Regarding the air component’s eventual effort to heighten the airpower focus within CJTF-OIR, the campaign’s second successive air component commander, Lieutenant General Charles Brown, Jr., USAF, almost as a first order of business after having reported aboard in that position, moved his Air Support Operations Center from collocation with CJTF-OIR’s land component headquartered in Baghdad, which was almost exclusively Iraq-focused, to CJTF-OIR’s headquarters in Kuwait so as to achieve a broader airpower focus across that command’s entire area of operations, most notably including in Syria as well as Iraq. As to his rationale for that important move, General Brown later recalled, “I wanted to conduct more deliberate strikes in Syria to support the future close fight in Iraq. I often shared with my staff that although Iraq may be first in priority, it was second on my playlist when it came to where I wanted to apply airpower.”12 That perspective and intention, one can fairly state in hindsight, should have been a key part of CJTF-OIR’s campaign approach from the very start.

The Lost Opportunity of a More Promising Approach

As a notional alternative to the command structure for OIR that ultimately emerged, what if General Austin had instead picked his air component commander to take the lead, at least at the start of campaign planning, from the first moment USCENTCOM was tasked by the White House to engage IS? Given the realities of the strategic landscape that prevailed in Iraq and Syria in late July and early August 2014, a more promising initial move by USCENTCOM’s commander would have been to accept that there would be no sufficiently combat-ready indigenous ground troops in the region for his air assets to “support” in a truly influential way for at least a year, and that until such a reality was finally at hand, he should instead pursue a more logical approach for the interim by designating his air commander as his first subordinate CJTF-OIR commander and duly empowering that Airman to apply his and his staff’s collective skills toward determining how best to carry the fight to IS, at least until a true joint and combined air-land campaign was ready to be unleashed with determination.

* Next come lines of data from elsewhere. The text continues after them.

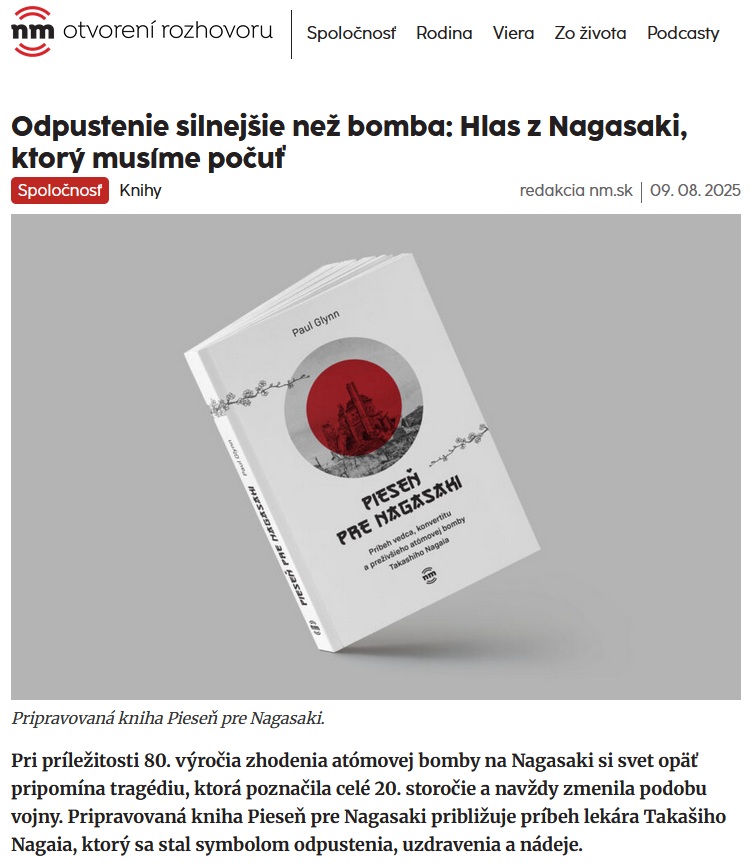 Vydavateľstvo Nové mesto publikovalo na portáli nm.sk texty súvisiace s knihou Pieseň pre Nagasaki. Jeden z článkov priniesol redakčne spracovanú informáciu o pripravovanom slovenskom vydaní knihy pri príležitosti 80. výročia zhodenia atómovej bomby na Nagasaki. Druhý text predstavil úryvok z publikácie a priblížil jej tematické zameranie.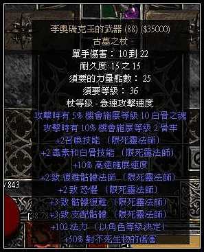 暗黑2中,李奥瑞克的法杖成为了召唤系死灵法师的最常用兵器,俗称“骷髅棒”,隶属性中能够看到,那件配备在各方面都在强化玩家召唤骷髅的才能。
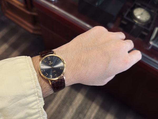 錶殼採用 18K 黃金(型號末碼 /8 代表黃金材質)製成,直徑約 32mm,厚度纖薄,佩戴在手腕上極為服貼。錶殼線條細緻,搭配細坑紋錶圈與拋光錶耳,整體比例完美,展現出一種低調的貴族氣息。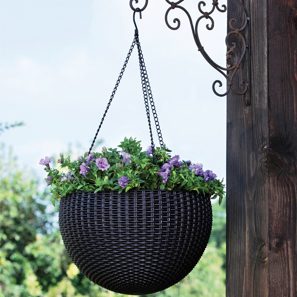 Keter Jardinière suspendue Keter sphère en résine imitation rotin anthracite, pot suspendu extérieur (229545)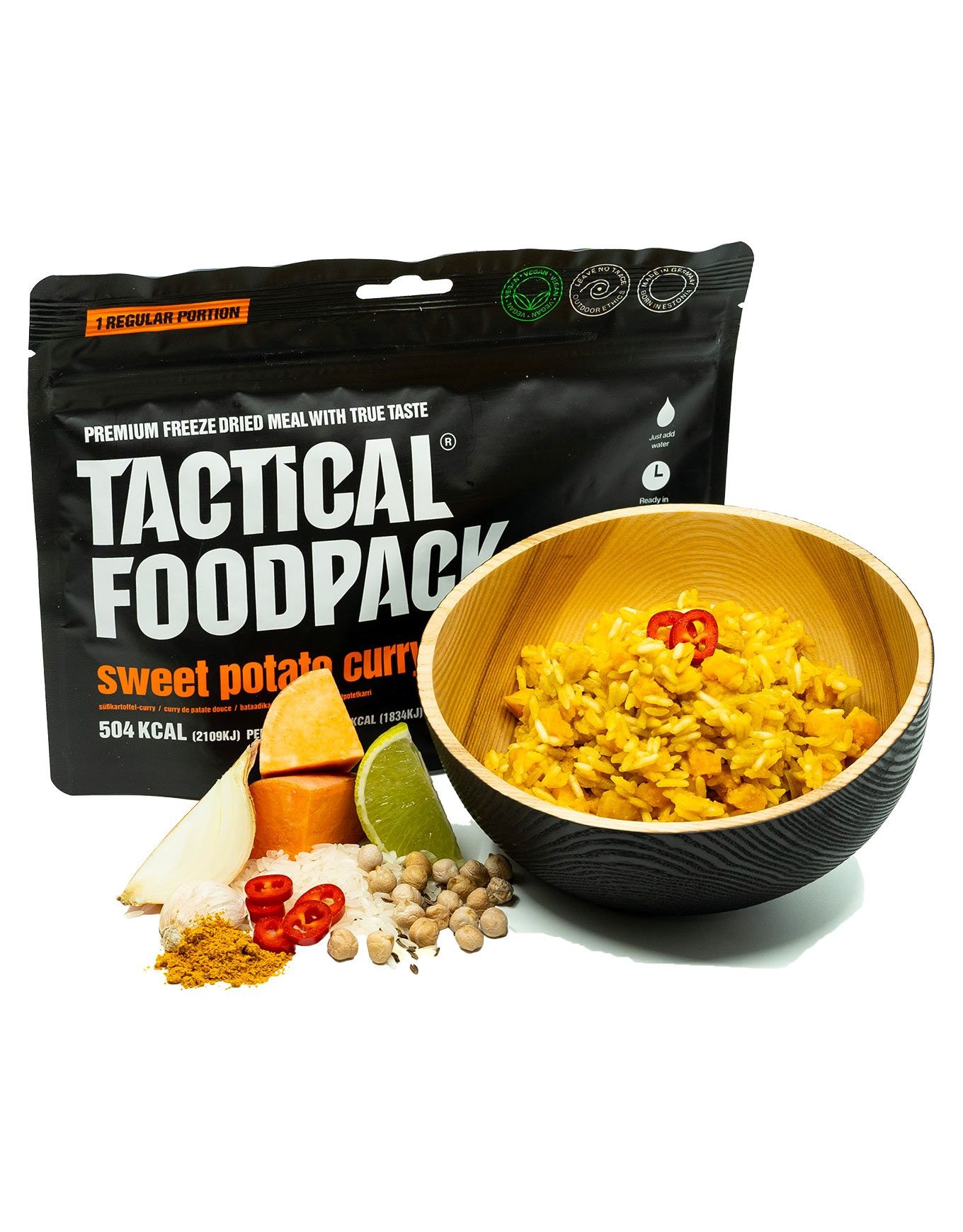 Ce paquet de 115 g de Curry aux patates douces signé Tactical Foodpack est un plat déshydraté conçu pour vous fournir l’énergie et les nutriments essentiels lors de longues randonnées ou en contexte de survie. Grâce à la lyophilisation, les arômes, les textures et les propriétés nutritives sont intégralement conservés. Préparez ce mets savoureux en seulement quelques minutes et retrouvez vos forces pour poursuivre votre route. Ce repas végétarien à base de coco, tomates, oignons et citron vert est sublimé par une pointe de gingembre, curcuma et cumin. Légers et compacts, ces sachets se faufilent aisément dans votre sac de rando et vous font gagner un espace précieux. Découvrir les catégories associées Repas lyophilisés Matériel trekking et camping Alimentation/hydratation

In a strong seconding motion to such an alternative approach, General Brown later suggested that at least during the campaign’s initial stages, as CJTF-OIR’s land component was mainly focused on rebuilding the ISF, USCENTCOM’s air commander “could and probably should have been designated as OIR’s supported commander, with an eventual handover of CJTF-OIR to the most senior ground general once serious offensive land operations were set to begin. This alternative approach would have had the right leadership and expertise in charge more properly aligned with the initial scheme of the campaign.”13 A similar sentiment was offered by an Air Force F-16 pilot who flew in two successive OIR rotations during its largely ineffectual opening round. This Airman remarked that what Army and Air Force leadership within USCENTCOM had both failed to recognize in sufficient time was

that [IS] was a proto-state requiring more than just support to the indigenous ground maneuver elements. It also required a distinct and separate aerial bombing campaign on strategic targets and air interdiction, and this needed to happen right away while the coalition was still gestating. That, in turn, meant duly supporting the embattled Iraqis . . . while concurrently doing our utmost to hurt [IS’s] warfighting capability with a sustained air campaign. Yet we did the former but not the latter during OIR’s pivotal first two years. . . . At a time when the campaign should have been mainly air-centric, it wasn’t. Its construction from 2016 onward was probably correct. But its construct at the beginning was flawed.14

On this important count, even retired Colonel Peter Mansoor, USA, who had served as a key advisor to General David Petraeus in Iraq during the latter’s eventually successful surge of 2007, suggested that “if this [effort against IS] was going to be just an air campaign [which it most definitely was for U.S. forces during its first 2 years], it would have made much more sense to have an Air Force officer in Baghdad and have him lead the charge.”15 With such more appropriate leadership in place, an Air Force commander for CJTF-OIR at the outset would have had every inclination and opportunity to mobilize the vast intelligence resources at his disposal to take the fullest measure of IS and to undertake the needed initial target system development before committing to any ensuing plan for the war’s opening round.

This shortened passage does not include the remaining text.